GDP grew 1.2 per cent in last quarter of 2006, the strongest since 2004, but experts warn it is based on continent factors like higher exports and a weak yen. Central Bank will decide next week whether to raise interest rates or not.

Tokyo (AsiaNews/Agencies) – Japan reported a sharp upturn in economic growth in the last quarter of 2006, stoking speculation about a possible interest rate rise next week. Its GDP grew 1.2 per cent in the three months to December for an annualised pace of 4.8 per cent, for an eighth consecutive positive quarter, the strongest since 2004.

Companies have used their large profits to increase outlays on factories and equipment and pay back debt, thus favouring robust exports, helped by the weaker yen.

Economists cautioned, however, that the brisk clip was due to contingent factors like strong US demand and the weak currency.

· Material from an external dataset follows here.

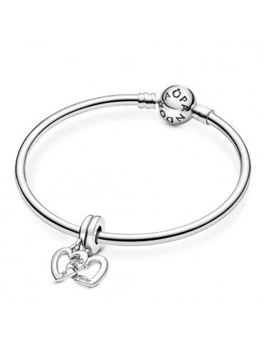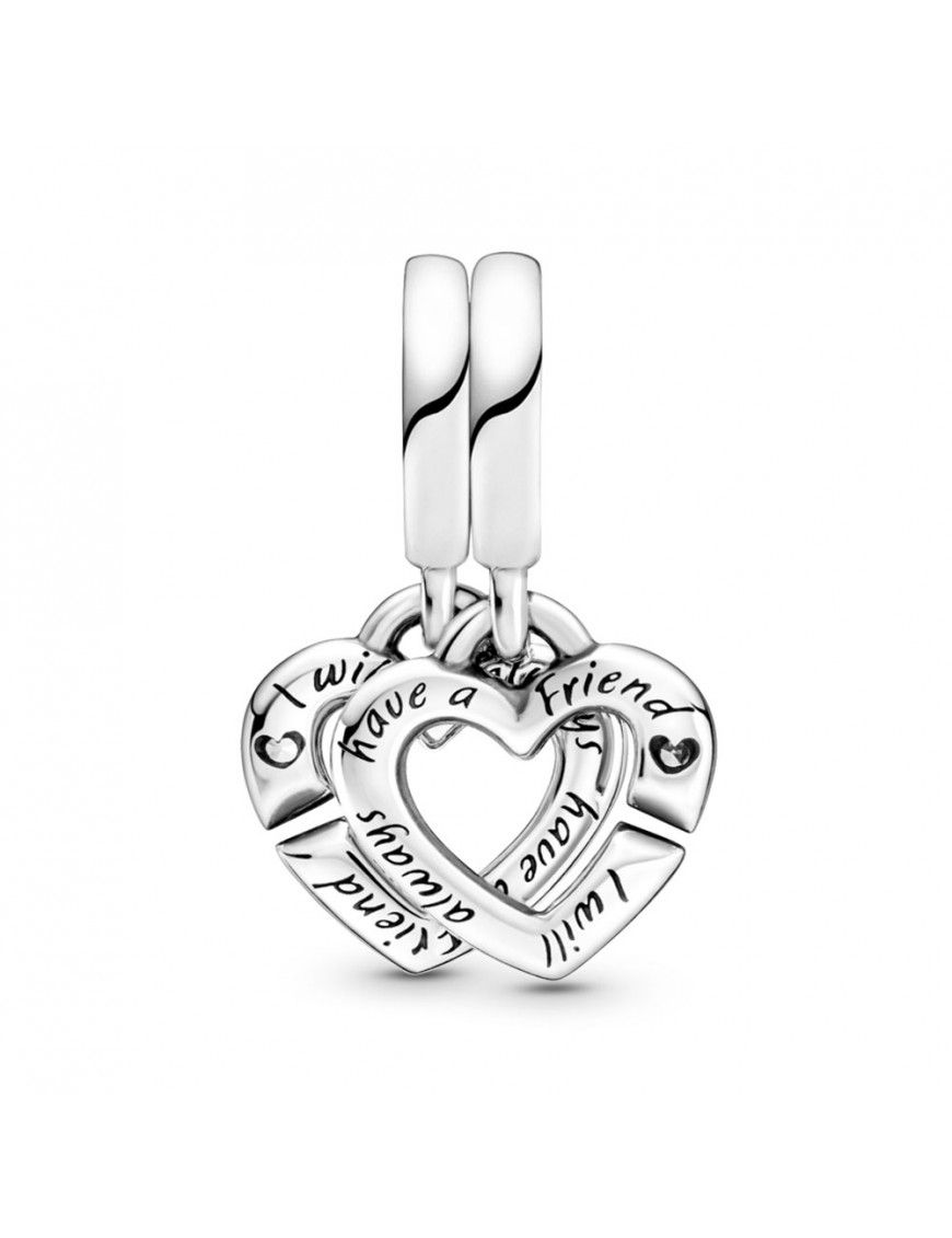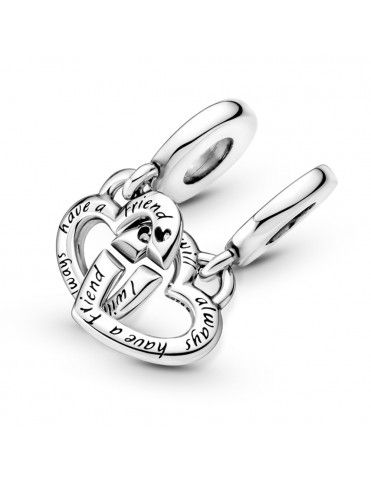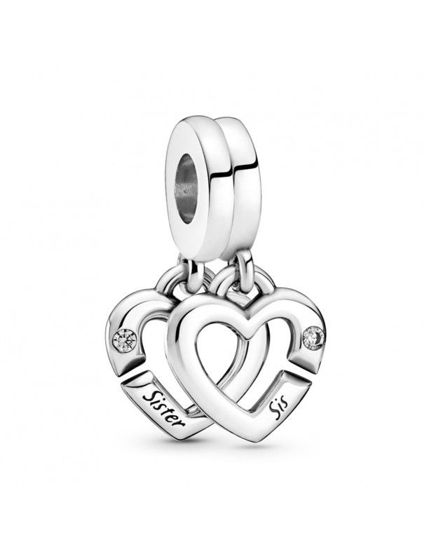 Charm Colgante Pandora Hermanas Unidas Corazones Divididos 799538C01, en plata de primera ley adornado adornado con circonitas cúbicas transparentes y grabado "Sister", "I will always have a friend".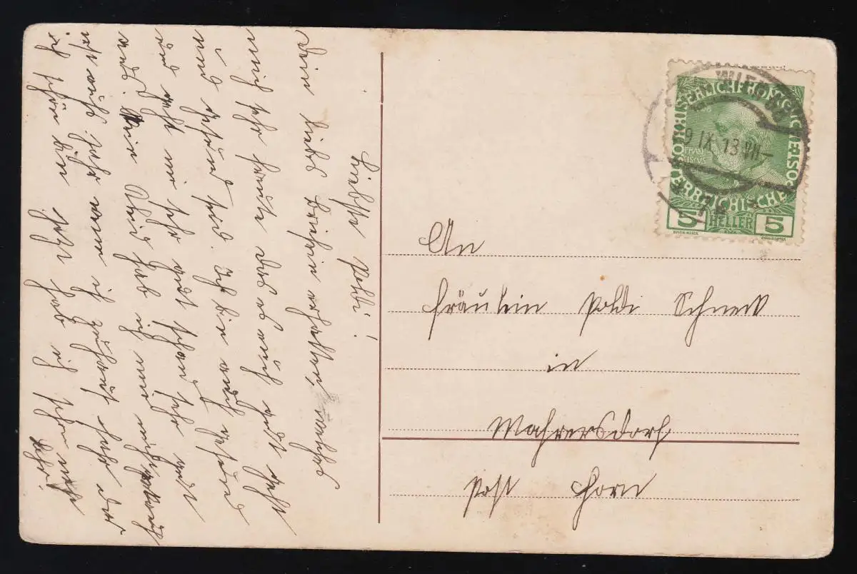 Vieux couple, femme empaillée, mari lui lit devant famille mère père, Vienne 29.9.1913

Japan’s economy expanded by 2.2 per cent in 2006, picking up steam after growth of 1.9 per cent in 2005, but that compares to 3.4 per cent growth in the US, Japan's largest export market, and a 2.7 per cent expansion in Europe.

Hiromichi Shirakawa, chief economist for Japan at Credit Suisse, said economic growth was "very, very volatile" with consumer spending flat for the second half of last year as a whole.

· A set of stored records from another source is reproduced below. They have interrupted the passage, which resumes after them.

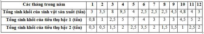 Ở một hệ sinh thái vườn quốc gia có hàm lượng chất khoáng (chất dinh dưỡng) được duy trì ổn định. Nghiên cứu sinh khối của các nhóm sinh vật ở một hệ sinh thái vườn quốc gia, kết quả thu được bảng sau: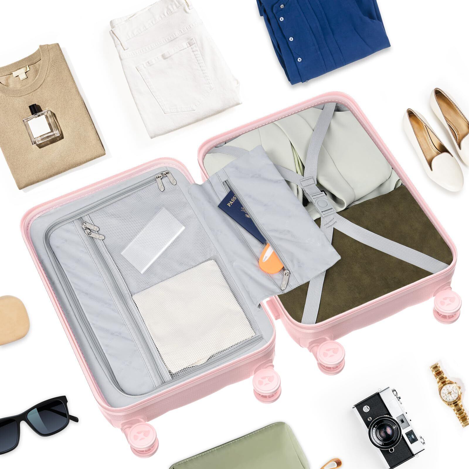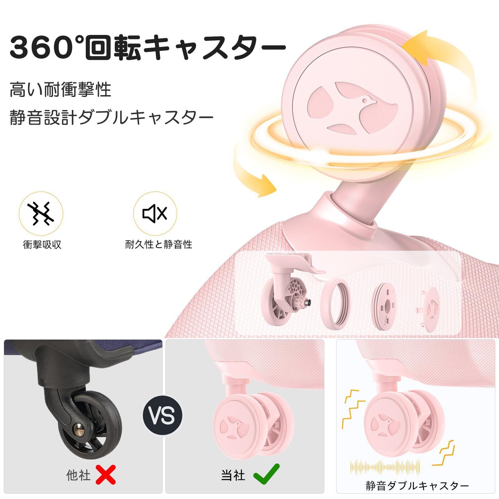 【耐衝撃静音ダブルキャスター】8輪ダブルキャスターはスーツケースの底面四隅に車輪を備え、ケースを斜めにしても立てたままでも移動させることができます。さらに、スーツケースに360度自在走行できるダブルホイールが付けられており、キャスターの操作性と耐久性が抜群で超静音、深夜や朝早いに使っても周りの人に迷惑をかけません。静音設計と耐久性抜群のキャスターで、凸凹路面で、重い荷物でもスムーズで安定した走りを可能に。X型ベルトが搭載され、荷物崩れを完全防止。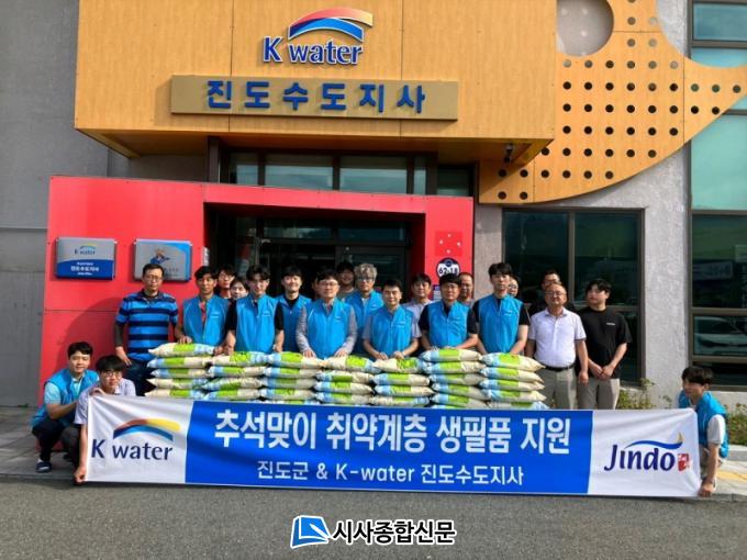 [½Ã»çÁ¾ÇսŹ® = ¿À½ÂÅà ±âÀÚ] K-water Áøµµ¼öµµÁö»ç(Áö»çÀå : Á¶Àçâ)´Â Ãß¼® ¸íÀýÀ» ¸Â¾Æ 9.19¿¡ Á÷¿øµéÀÇ ¼º±Ý 260¸¸¿øÀ¸·Î Áøµµ¹Ì 10kg 80Æ÷´ë¸¦ ±¸¸ÅÇÏ¿© Áö³ 1³â µ¿¾È ´Ü¼ö°¡ ¹ß»ýÇÏ¿´´ø 41°³ ¸¶À»È¸°üÀ» ¹æ¹®ÇÏ¿© ½Ò°úÀ½¿ë¿ë ¼öµ¾¹° º´¹°¹Ú½º¸¦ Àü´ÞÇÏ¿´´Ù.
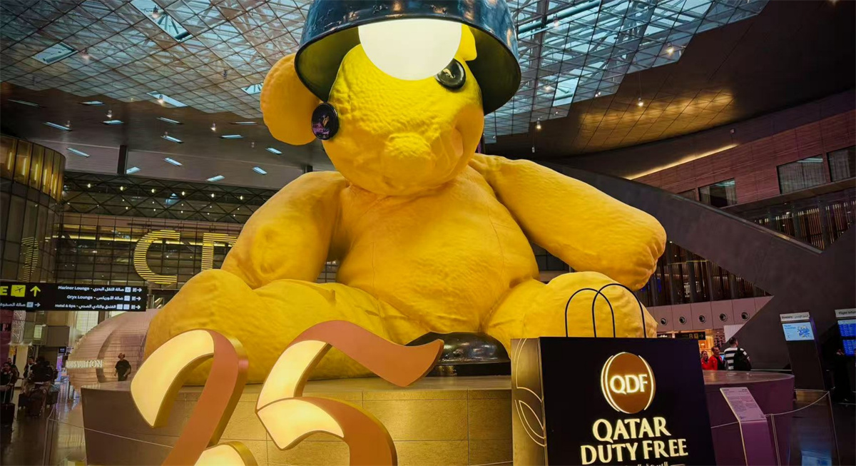 经8小时飞行,团队于多哈哈马德机场开启首段国际中转。这座连续多年获评"全球最佳机场"的枢纽,以未来感设计与多元服务消解了长途旅行的疲惫:C区室内热带雨林区,师生们围坐充电躺椅,透过穹顶玻璃仰望天空;中央大厅的巨型“KAWS公仔”与“大黄熊”(Lamp Bear)雕塑成为打卡热点。机场全流程电子化服务令人印象深刻——自助值机、人脸识别通关、行李转运状态实时推送,展现了卡塔尔航空作为五星航司的硬实力。
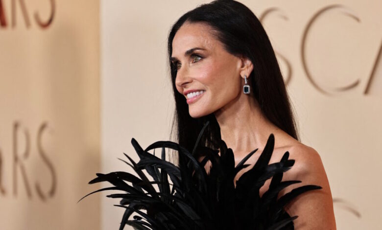 Όπως είδαμε, η Ντέμι Μουρ εμφανίστηκε στο κόκκινο των Όσκαρ με ένα εκθαμβωτικό πράσινο φόρεμα με μαύρα φτερά και λίγα ασημένια κοσμήματα. Τα μακριά μαύρα μαλλιά της ήταν λιτά και χτενισμένα με ένα ελαφρύ ίσιωμα, το οποίο άφηνε τις άκρες των μαλλιών της… ανέμελες.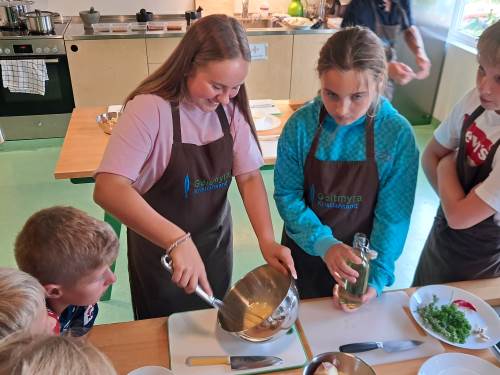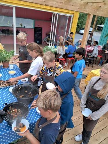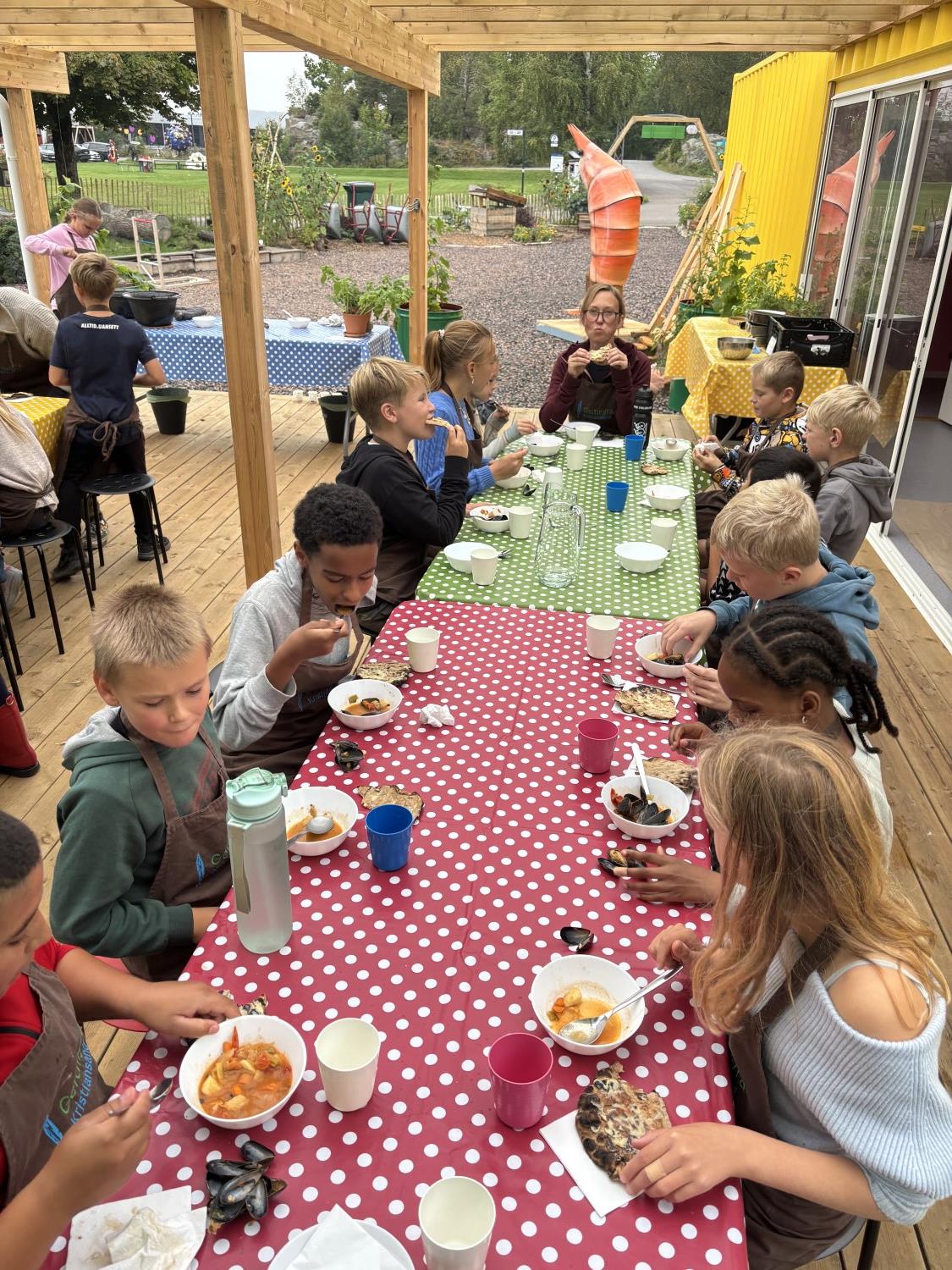 Første dagen lærte Helene og Nikolai oss om grunnsmakene, spiselige vekster, hvordan man lager smør, to ulike knivgrep, hvordan se forsjellen på dårlige og gode blåskjell og tilbereding av mat på bål. Denne dagen laget barna en blåskjellgryte helt fra bunnen av. NAM!

He said growth was expected to slow in the first quarter of this year because consumption remained on a sluggish trend.

Private consumption grew 1.1 per cent from the previous three months, compensating for the 1.1 per cent loss seen in the third quarter.

Wages rose 0.2 per cent last year, barely rebounding from a near decade-long slide that cut average pay by about 10 per cent between 1997 and 2005.

Analysts are divided on whether Japan's central bank will raise its interest rates at the end of its meeting on February 21.

Japan's 0.25 percent key rate is much lower than the 3.5 per cent of the European Central Bank and the 5.25 per cent of the US Federal Reserve. But deflation remains still a possibility.

Junichi Makino, senior analyst at Daiwa Institute of Research, predicts that the Bank of Japan will hold off from raising interest rates because strong private consumption needs further recovery in the job market.

Private spending is expected to be sluggish for the current quarter due to the unusually warm winter,” he said.

Politics will also play a role. Prime Minister Shinzo Abe's government, focusing on policies to spur growth and stop the expansion of the world's largest public debt, wants to avoid an economic slowdown ahead of elections in April and July.

“Monetary policy is the domain of the Bank of Japan and should be decided appropriately, taking into account the government's views,”' Chief Cabinet Secretary Yasuhisa Shiozaki said.